1Today, demographers and political scientists amply recognize the role of statistics in state-building. And yet in a Central Europe divided among a handful of empires and featuring a complex constellation of ethnic, linguistic, and religious minorities, relations between the statistical apparatus and the organization of the state were neither simple nor linear. This book by Morgane Labbé offers a detailed analysis of the production and uses of nationality statistics in this context. Based on remarkable archival research, it highlights how different actors at various levels constructed, appropriated, and mobilized numbers to serve their political projects. At the top were two opposing political models: one, in Prussia and then Germany, aimed at unification and homogenization, measuring diversity to better protect against it; the other, in the Russian and Austro-Hungarian Empires, consecrated the multiplicity of nationalities and minorities. Yet in both cases, rulers and ruled alike used the same tools, maps, and statistics to assert, see, and count themselves, ‘providing both states and populations with resources to give form to their conquests or their liberation’ (p. 17).
2The tormented history of a Poland divided between the three great empires serves as a narrative thread uniting the work and as raw material for the analysis of the foundations and uses of nationality statistics. The book’s starting point, the revolutionary events of 1848, was a pivotal moment in the definition of nationality, between the birth of a patriotic imaginary and the cartography of national languages. Its endpoint, the 1919 Paris Peace Conference, was a moment when the categories and statistical measures developed in the meantime were put to the test—the first time an international conference was based on the work of experts. Through a comparison of the functioning of two expert committees, French and American, Labbé shows the different uses of statistical evidence and how it was taken up by diplomats themselves in service of divergent political arguments. The author then shows ‘how diplomatic agreements on the borders of Poland inextricably blended scholarly conventions and political trade-offs’ (p. 265).

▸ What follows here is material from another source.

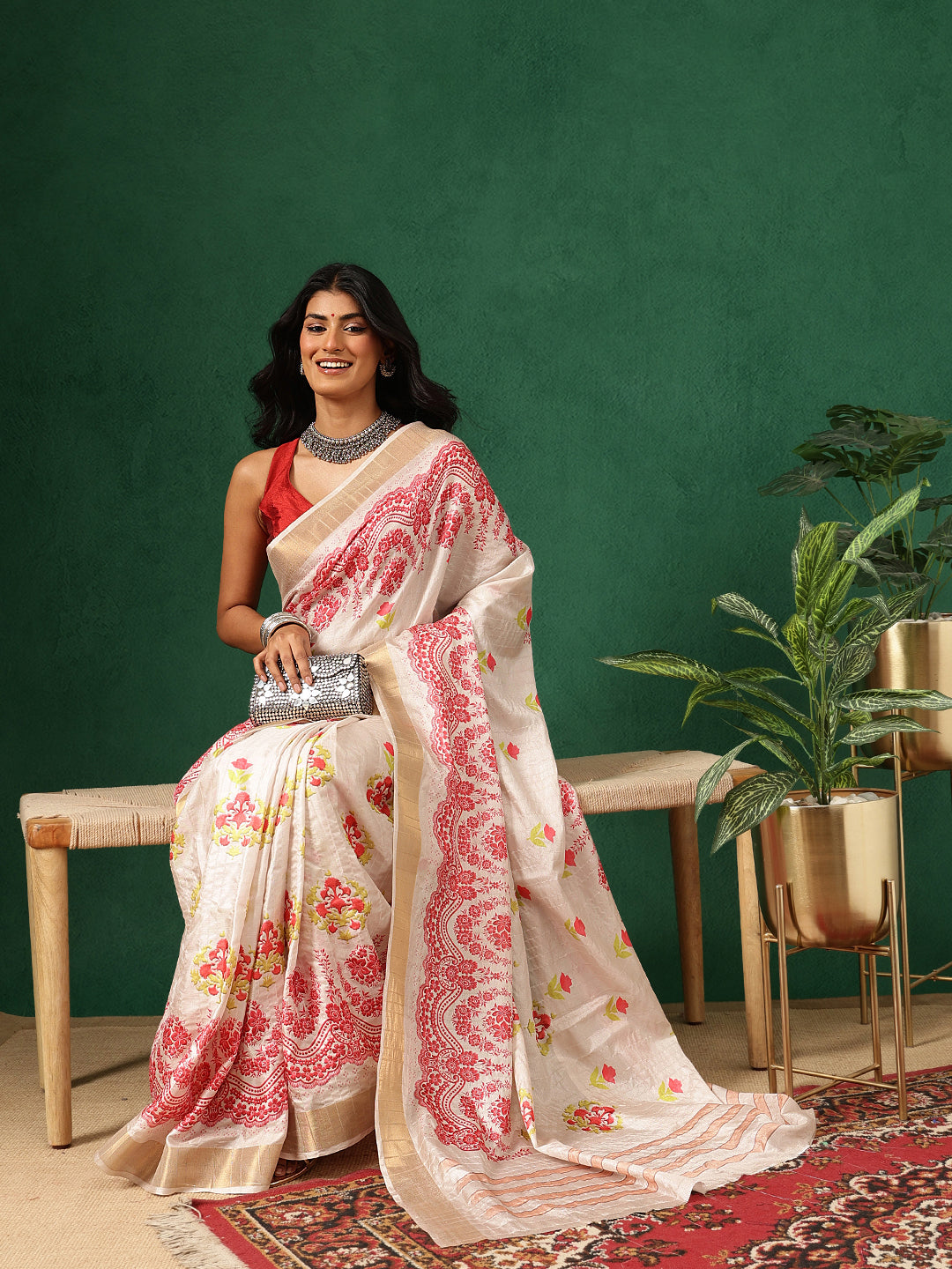 Saree Details - Saree Colour: Beige | Saree Material: Kotha Silk | Saree Length: 5.5 meters | Saree Work Type: Printed | Saree Type: Banarasi

3The period between these two points saw the slow maturation of rival statistical apparatuses, which nonetheless faced the same questions on the ambiguities and difficulties of defining and measuring minorities. The unification of the German Reich marked a turning point in the use of statistics and their relationship to otherness: the distinction of certain groups (by language and confession) served a project of Germanization and unification of the empire and of constructing the other (principally Poles and Jews) as different and foreign. But it was really during the First World War, following the conquests in the east, that German military forces had the opportunity to implement policies of Germanization and population displacement. In doing so, they relied on the work of statisticians and pressed for new censuses and statistics.
4Importantly, the book shows how a Polish statistical apparatus—or rather three, in a time when no Polish state existed—was gradually established. All three of the empires that divided Poland amongst themselves developed measurements and observations of Polish populations. While these statistics were most often directed at oppressive aims, they were nevertheless used by Polish activists to create a sort of ‘Polish statistics’. Scholars and specialists in Polish universities succeeded in mobilizing the statistics produced by the empires to develop the embryo of a state apparatus, as shown for example by the creation of statistical yearbooks. The war finally represented the occasion to affirm their science, putting their accumulated knowledge at the service of a future Polish state.
5This rich volume is essential not only for anyone interested in population policies in Central Europe but for all those who want to understand how ‘quantitative data on the ethno-national components of the population’ (p. 171) are constructed and used.